For those who have played before: I took a build that split all my levelup points between stamina, strength, and vitality. It was my second playthrough, because I realized I missed some people for the chapel and wanted to do that part completely, so I restarted my first playthrough before the Witch, and everything after was a blind play. I lugged around a Kirkhammer but tended to just use the Sword of Elendil that it offered me as a regular weapon. The hammer itself only came out with the slower bosses or against mobs (though I somehow managed to get in a few hits on the vanilla end boss with it).

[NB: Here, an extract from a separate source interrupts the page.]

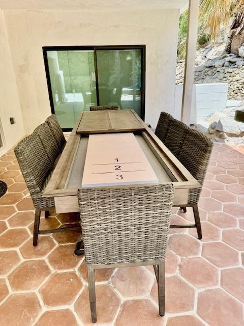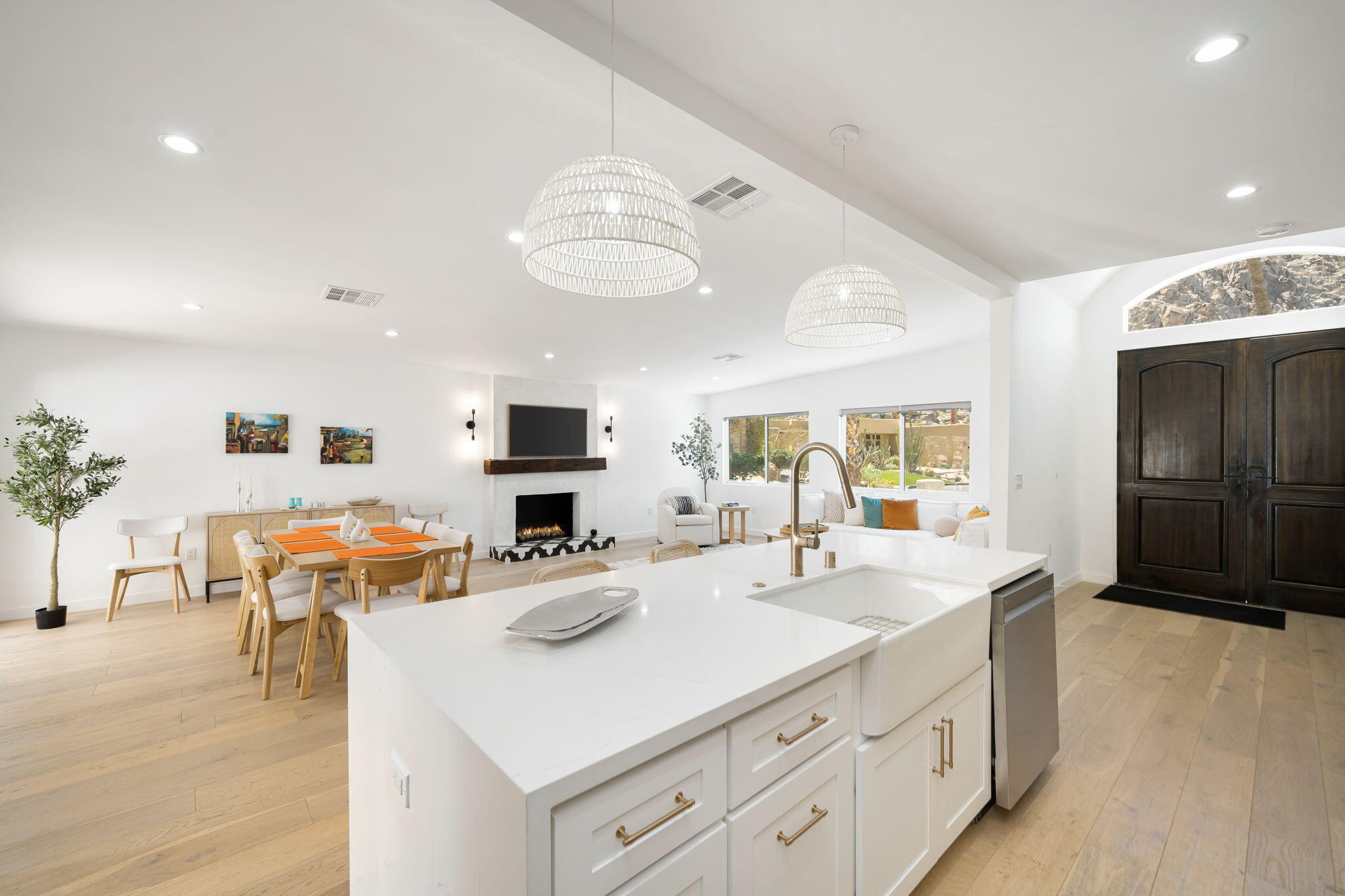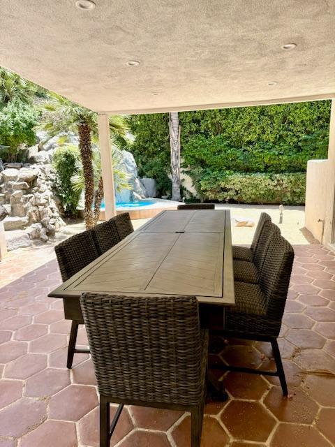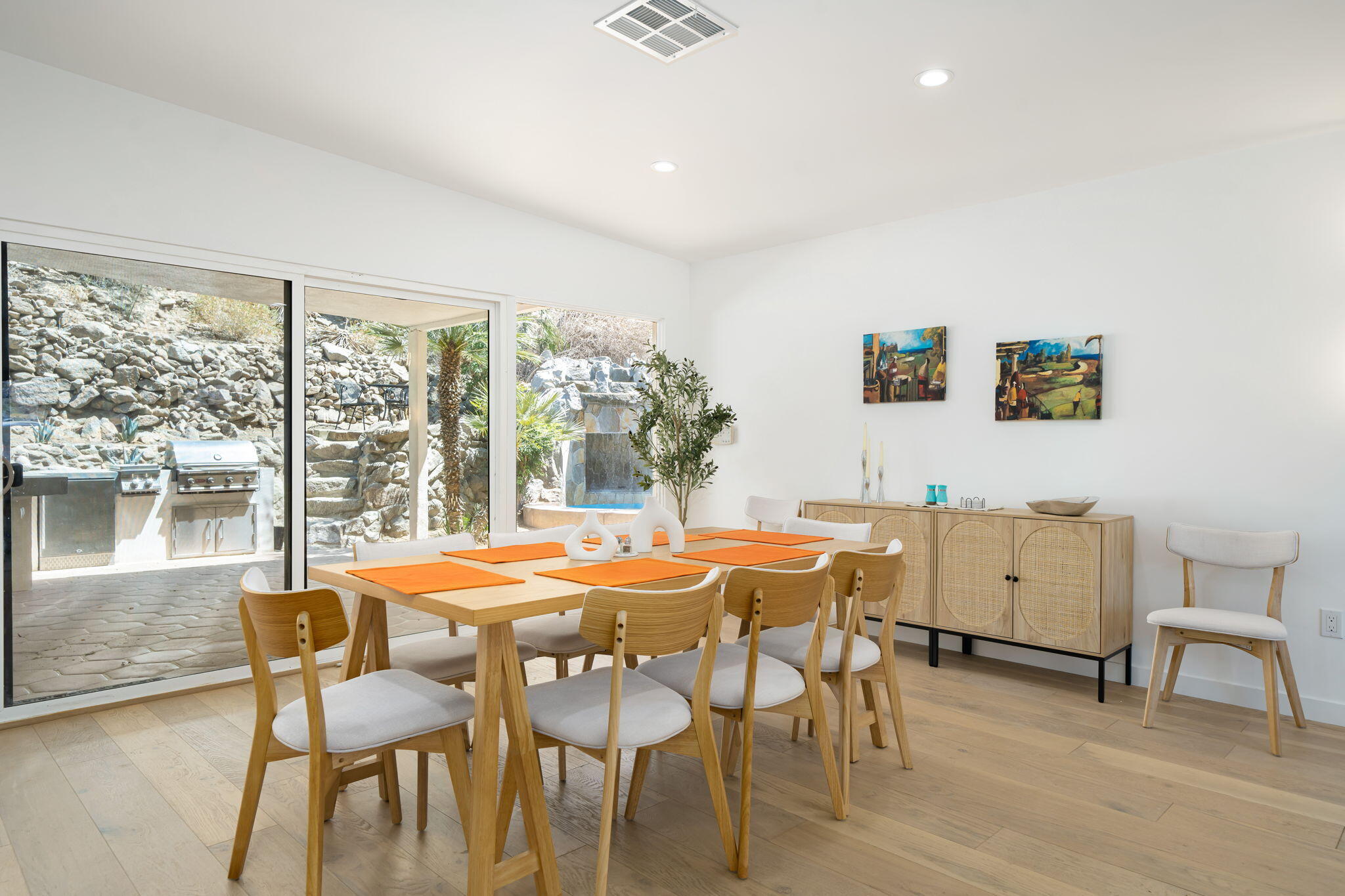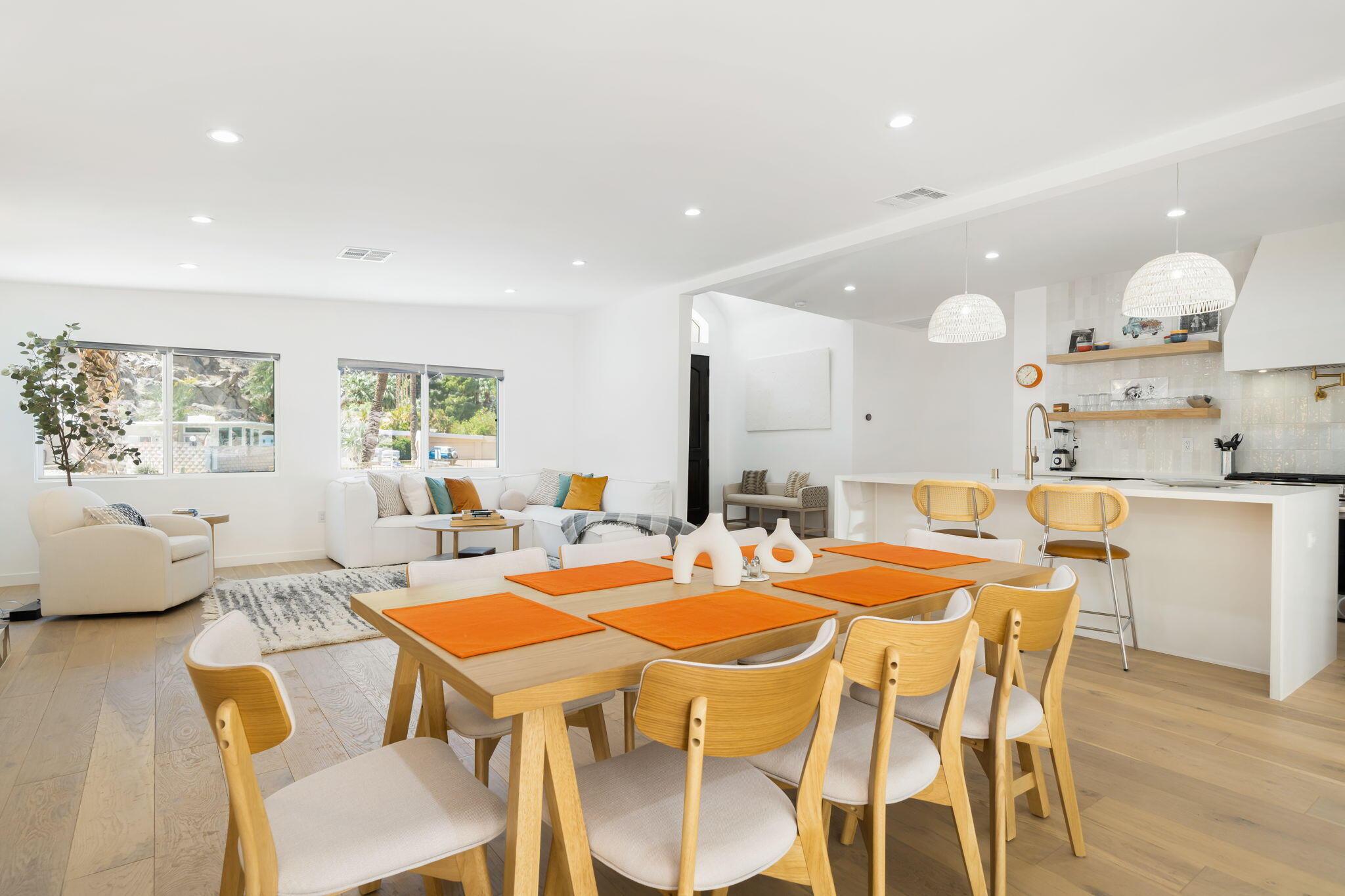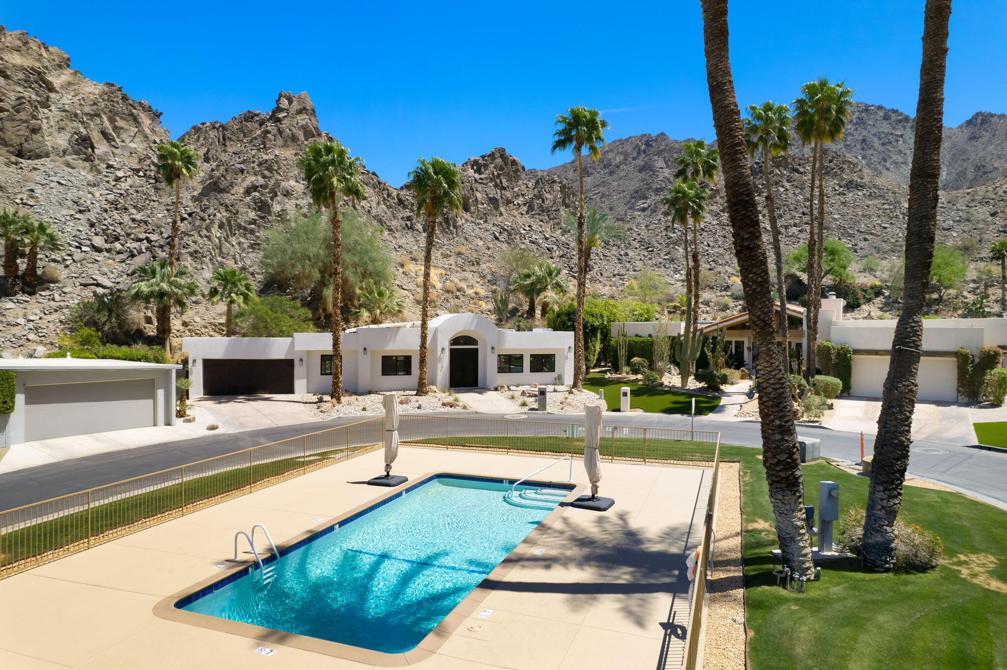 Leased for Feb, March & April 2025. Nestled in Indian Wells Country Club, this fully renovated 3 bedroom- 2 bath Mid-Century modern home combines modern conveniences with its original charm. The interior features beautiful white oak floors, an open fully-stocked Kitchen with Quartz counters and Stainless Steel Appliances, Large Island with 4 bar stools. A light and bright Dining area for seating 6 - 8 with a wall of windows overlooking the Patio. Spacious Living Room offers a wood mantel accentuating the charming smooth finished stucco Fireplace with Flat Screen TV. The Luxurious Primary Suite has a King Bed, Flat Screen TV, Desk and the bath offering dual vanities and large walk-in shower, there is a slider out to Patio & Spa area. Spacious Guest Rooms are beautifully appointed, one with Queen-size & the other Full-size. Escape to a serene oasis with this exceptional patio retreat. As the sun sets, gather around the built in BBQ, Frig and Dinner table for an intimate evening with friends and family, accommodating up to 8 guests with the table transforming into a large shuffleboard game adding an element of fun and excitement to your gatherings. Unwind in style by the private salt-water Spa and rainfall Shower. Just steps to the community Pool. Minutes to El Paseo for Shopping, Dining & short drive to world class Golf & the Paribas Tennis Gardens.

So, a quick breakdown of my thoughts on the bosses:
Spoiler: show
WARNING. If you haven't played yet, next bosses spoilered for being...spoilers.
Spoiler: show
Anyways, with the obligatory dick-measuring out of the way, to the review.
I've played some of Dark Souls 2 and 1, and I've seen an LP of 3. Those games frustrated me in a way I reaaaaallllly hated, but this one doesn't as much. I'm actually kinda warm on the game--I'm not gonna consider it worthy of the 9s and 10s that every reviewer in the world did, but I will say it's a huge step up from Souls. Perhaps part of that is simply that I was better at this game, for some reason. Combat flows a lot quicker here than in Souls, and it encourages a very countering/offensive mindset in comparison to the more lumbering Souls series. It's also a tad more forgiving of mistakes in boss battles, where you're not immediately fucked for making a mistake or two. Rather than playing the boss perfectly, you just have to learn them to an extent that you can time your heals to make up for any mistakes.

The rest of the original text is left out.